The Box-Tidwell test evaluats the linearity of logit assumption in logistic regression models.
library(car)
Loading required package: carData
boxTidwell(FRACTURE~AGE, other.x =~HEIGHT+PRIORFRAC+MOMFRAC+ARMASSIST, data = data1)
Call:
glm(formula = FRACTURE ~ AGE + HEIGHT + AGE * HEIGHT + PRIORFRAC +
MOMFRAC + ARMASSIST, family = binomial("logit"), data = data1)
Coefficients:
Estimate Std. Error z value Pr(>|z|)
(Intercept) 14.692414 23.850071 0.616 0.53787
AGE -0.124501 0.332818 -0.374 0.70834
HEIGHT -0.114786 0.148872 -0.771 0.44068
PRIORFRAC 0.743006 0.240328 3.092 0.00199 **
MOMFRAC 0.725302 0.302650 2.397 0.01655 *
ARMASSIST 0.523937 0.228411 2.294 0.02180 *
AGE:HEIGHT 0.000965 0.002081 0.464 0.64283
---
Signif. codes: 0 '***' 0.001 '**' 0.01 '*' 0.05 '.' 0.1 ' ' 1
(Dispersion parameter for binomial family taken to be 1)
Null deviance: 562.34 on 499 degrees of freedom
Residual deviance: 513.24 on 493 degrees of freedom
AIC: 527.24
Number of Fisher Scoring iterations: 4
Based on the model with interaction term, the interaction AGE and HEIGHT is not significant since the p-value more than 0.05. Hence, we can conclude that the interaction term should be removed from the model.
Step 5: Checking Multicollinearity of independent variables
library(car)car::vif(fit1)
AGE HEIGHT PRIORFRAC MOMFRAC ARMASSIST
1.140680 1.066260 1.080805 1.012421 1.085556
Based on Variance Inflaction Factor (VIF), the values were less than 10. It means that the multicollinearity issue did not occur in the dataset. Thus, we can proceed to establish final model.
To establish final model, we need to assess the goodness of fit of the model to see to know whether the probabilities produced by the model accurately reflect the true outcome experience in the data.
Method to assess the Goodness of fit in this note are: The Hosmer-Lemeshow test, Classification table, and Area under the ROC curve.
The Hosmer-Lemeshow test
#Hosmer and Lemeshow test library(generalhoslem)
Loading required package: reshape
Loading required package: MASS
HL <-logitgof(data1$FRACTURE, fitted(fit1)) HL #hosmer and lemeshow p-value result cbind(HL$expected, HL$observed)
Hosmer and Lemeshow test (binary model)
data: data1$FRACTURE, fitted(fit1)
X-squared = 6.1627, df = 8, p-value = 0.629
Based on the Hosmer-Lemeshow test, the p-value was 0.629 which is more than 0.05. This concludes that the model is fit for prediction.
The sensitivity of the model was 13.6%, where the model correctly specified the fracture by 17.6% and model correctly specified the non fracture by 76.97%.
Area under the ROC curve
The area under the ROC curve, which ranges from 0.5 to 1.0, provides a measure of the model’s ability to discriminate between those subjects who experience the outcome of interest versus those who do not.

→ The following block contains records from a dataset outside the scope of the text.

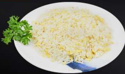
147. ARROZ CON HUEVO 4,50€ (arroz, huevo)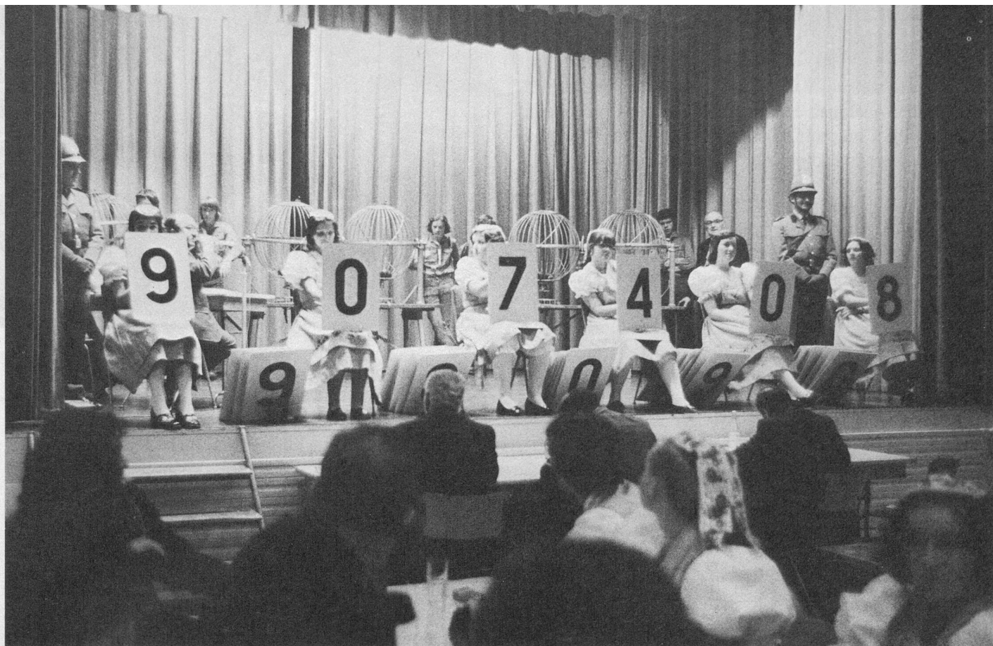
Les jeunes filles du groupe folklorique «Fil du Temps» présentent les numéros du bonheur.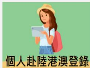
個人赴陸港澳登錄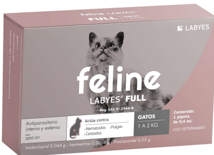
FELINE LABYES FULL 1-2KG (VEN. 04-2025)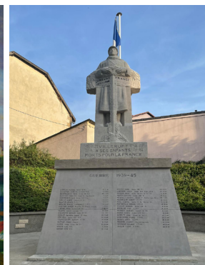
Aérogommage du Monument aux Morts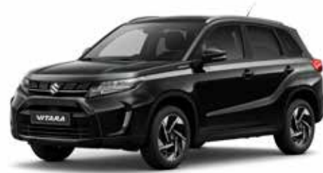
Cosmic Black Pearl Metallic (ZCE)**

Based on the result, we can conclude that Age, Height, Prior Fracture condition, Mother had hip fracture, and Arms are needed to stand from a chair were statistically significant towards Fracture (Any fracture in first year) since all the p-values were less than 0.05. Based on the odds ratio of the model, we can conclude that PRIORFRAC variable had the highest odds ratio, which means that those who had Prior Fracture condition has 2.122 time the odds compared to those who did not have prior fracture condition when adjusted for others variables. A person who had prior fracture condition has higher chance (122%) to have fracture compared to those who did not have prior fracture condition.